I have a csv file with the foll struct
Name | Val1 | Val2 | Val3 | Val4 | Val5
John 1 2
Joe 1 2
David 1 2 10 11
Empty values are not the issue if the CSV file contains fixed number of columns and your CVS looks like this (note the empty field separated with it's own commas):
David,1,2,10,,11
The problem is your CSV file contains 6 columns, yet with:
val rowRDD = fileRDD.map(p => Row(p(0), p(1), p(2), p(3), p(4), p(5), p(6) )
You try to read 7 columns. Just change your mapping to:
val rowRDD = fileRDD.map(p => Row(p(0), p(1), p(2), p(3), p(4), p(5))
And Spark will take care of the rest.
This is not answer to your question. But it may help to solve your problem.
From the question I see that you are trying to create a dataframe from a CSV.
Creating dataframe using CSV can be easily done using spark-csv package
With the spark-csv below scala code can be used to read a CSV
val df = sqlContext.read.format("com.databricks.spark.csv").option("header", "true").load(csvFilePath)

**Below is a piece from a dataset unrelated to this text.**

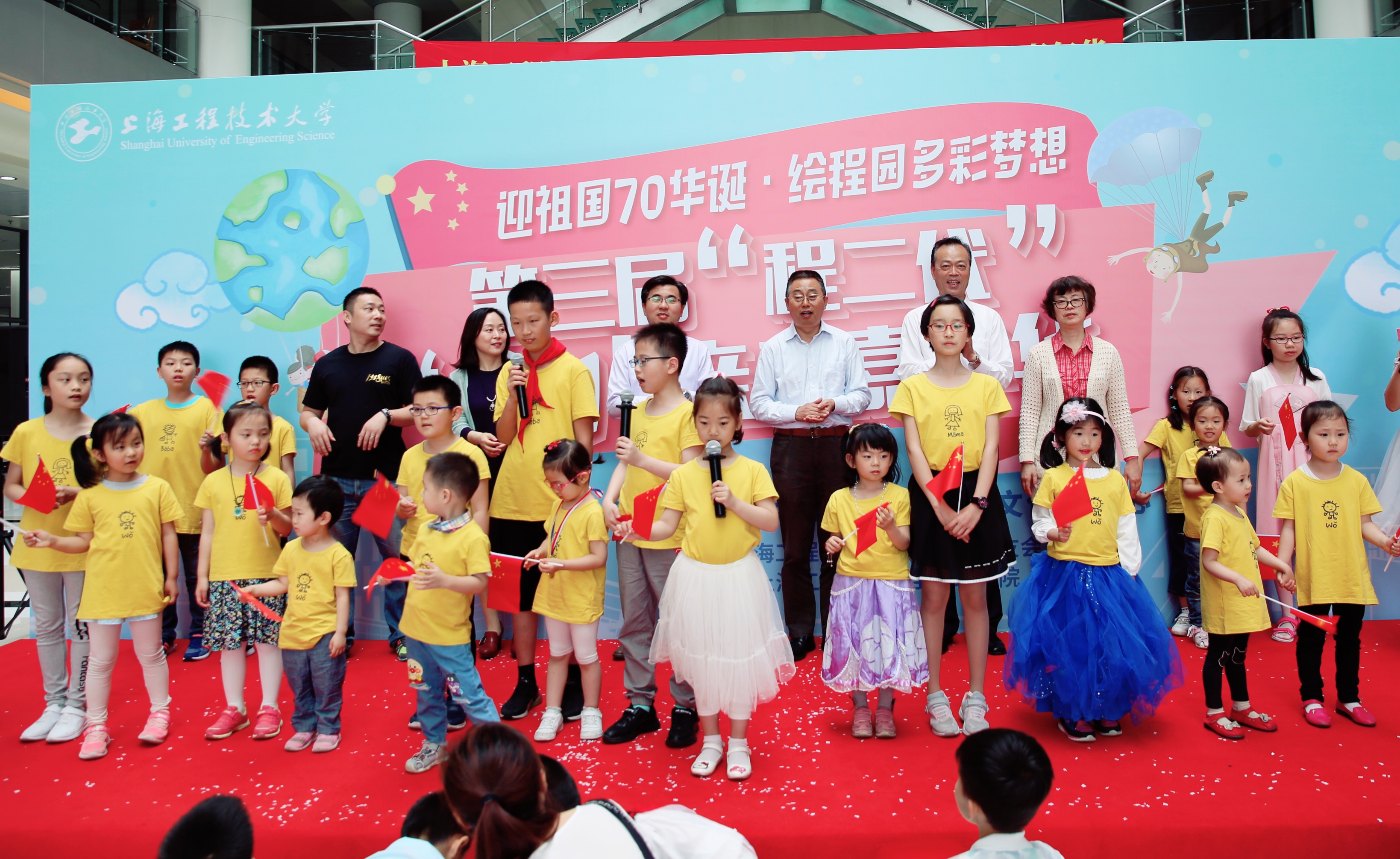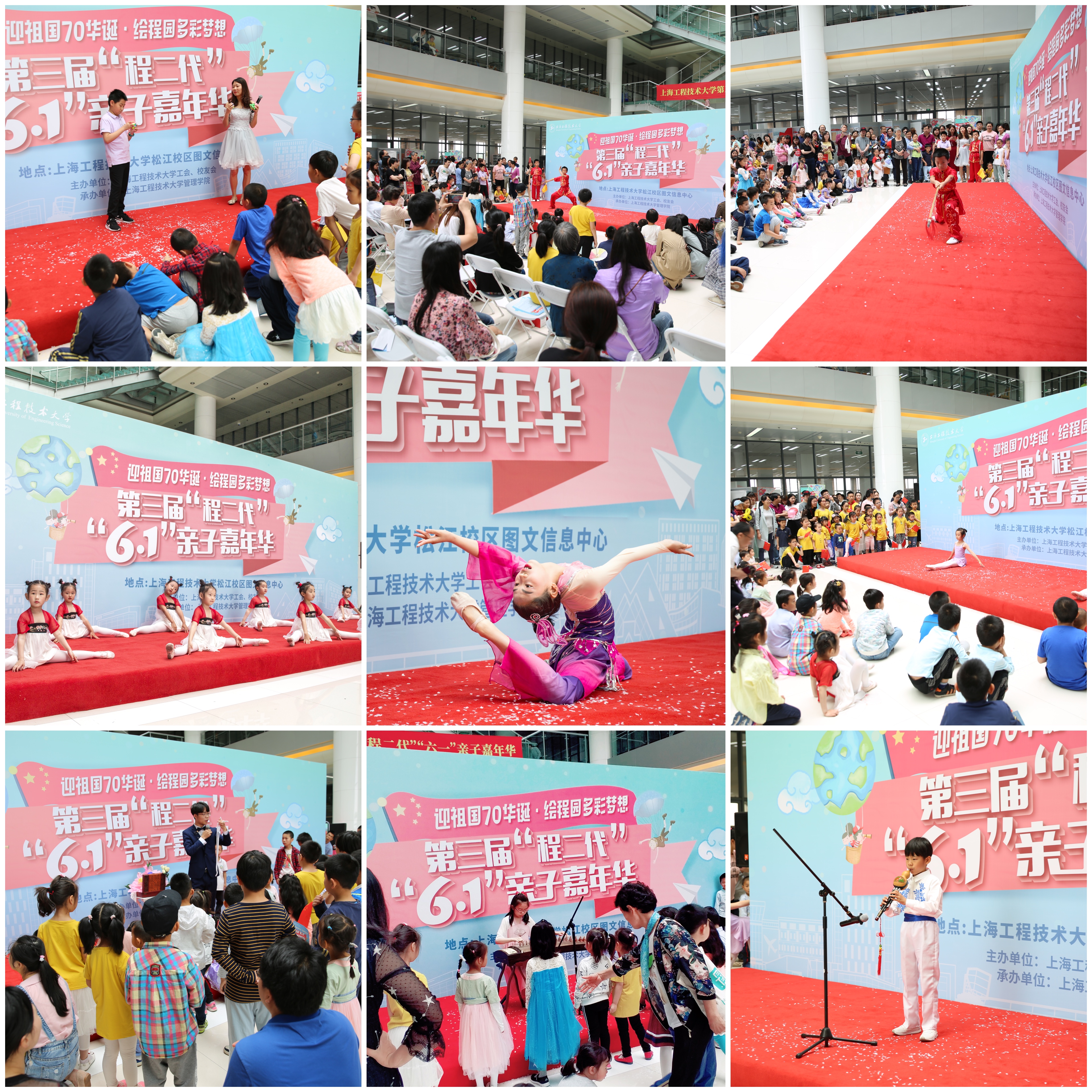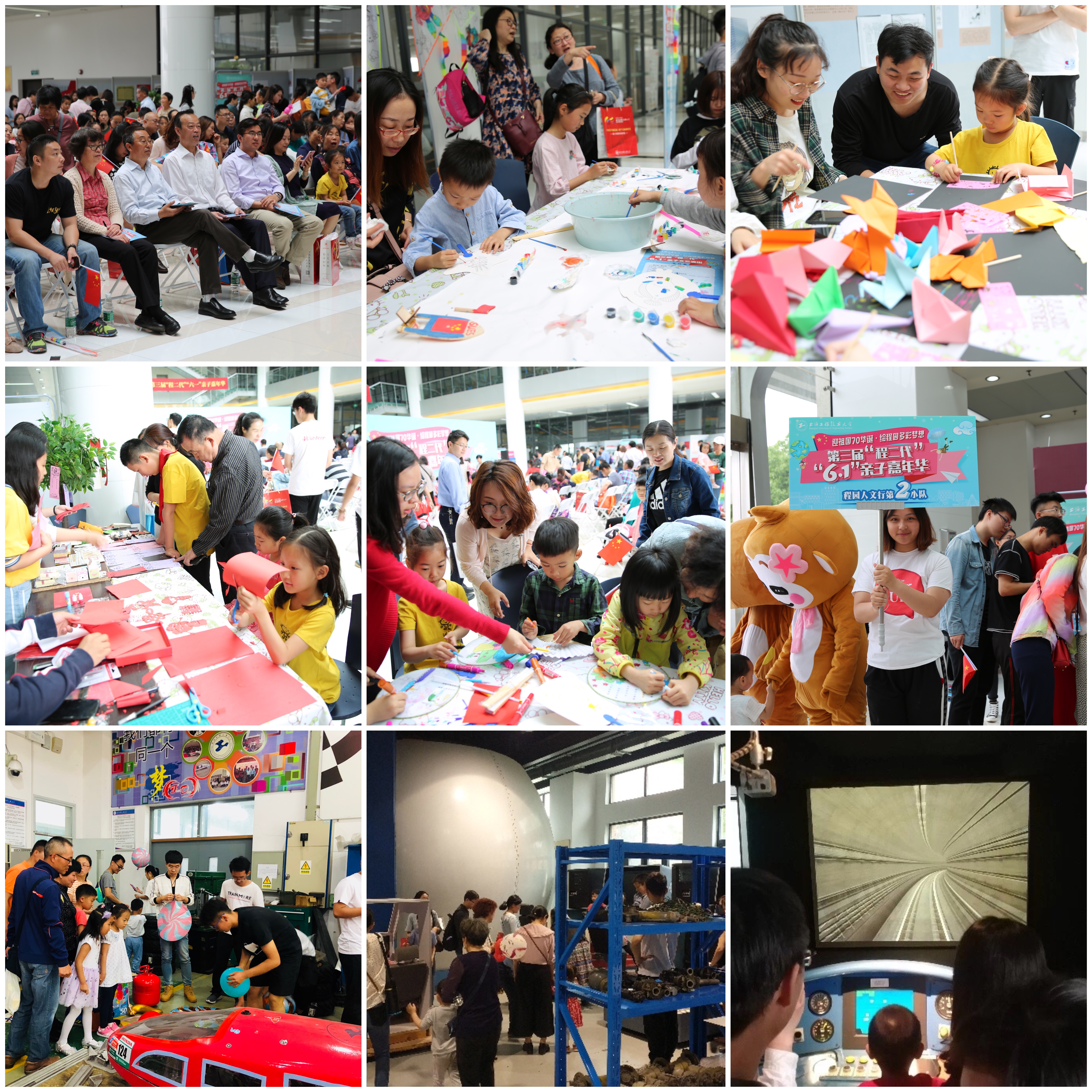 为迎接第70届国际儿童节,献礼祖国70华诞,庆祝学校建校41周年,持续打造有温度的大爱程园,6月1日,由校工会、校友会主办,管理学院工会和校友分会承办,机械与汽车工程学院工会、航空运输学院(飞行学院)工会、城市轨道交通学院工会、团委以及各有关学院校友分会协办的“迎祖国70华诞•绘程园多彩梦想”——第三届“程二代”“六一”亲子嘉年华在我校举行。副校长姚秀平,校工会常务副主席柳如荣,管理学院党委书记周洁,管理学院院长胡斌,校工会副主席李霞、校友会副秘书长周家樑出席活动。此次嘉年华分“表演、体验和程园人文行”三个环节,三大科教基地观摩与专业模拟体验,吸引了学校400个教工和校友家庭共计1500余人参加。

For your sample data I got the following result
+-----+----+----+----+----+----+
| Name|Val1|Val2|Val3|Val4|Val5|
+-----+----+----+----+----+----+
| John| 1| 2| | | |
| Joe| 1| 2| | | |
|David| 1| 2| | 10| 11|
+-----+----+----+----+----+----+
You can also inferSchema with latest version. See this answer
The possible solution to that problem is replacing missing value with Double.NaN. Suppose I have a file example.csv with columns in it
David,1,2,10,,11
You can read the csv file as text file as follow
fileRDD=sc.textFile(example.csv).map(x=> {val y=x.split(","); val z=y.map(k=> if(k==""){Double.NaN}else{k.toDouble()})})
And then you can use your code to create dataframe from it
You can do it as follows.
val df = sqlContext
.read
.textfile(csvFilePath)
.map(_.split(delimiter_of_file, -1)
.map(
p =>
Row(
p(0),
p(1),
p(2),
p(3),
p(4),
p(5),
p(6))
Split using delimiter of your file. When you set -1
as limit it consider all the empty fields.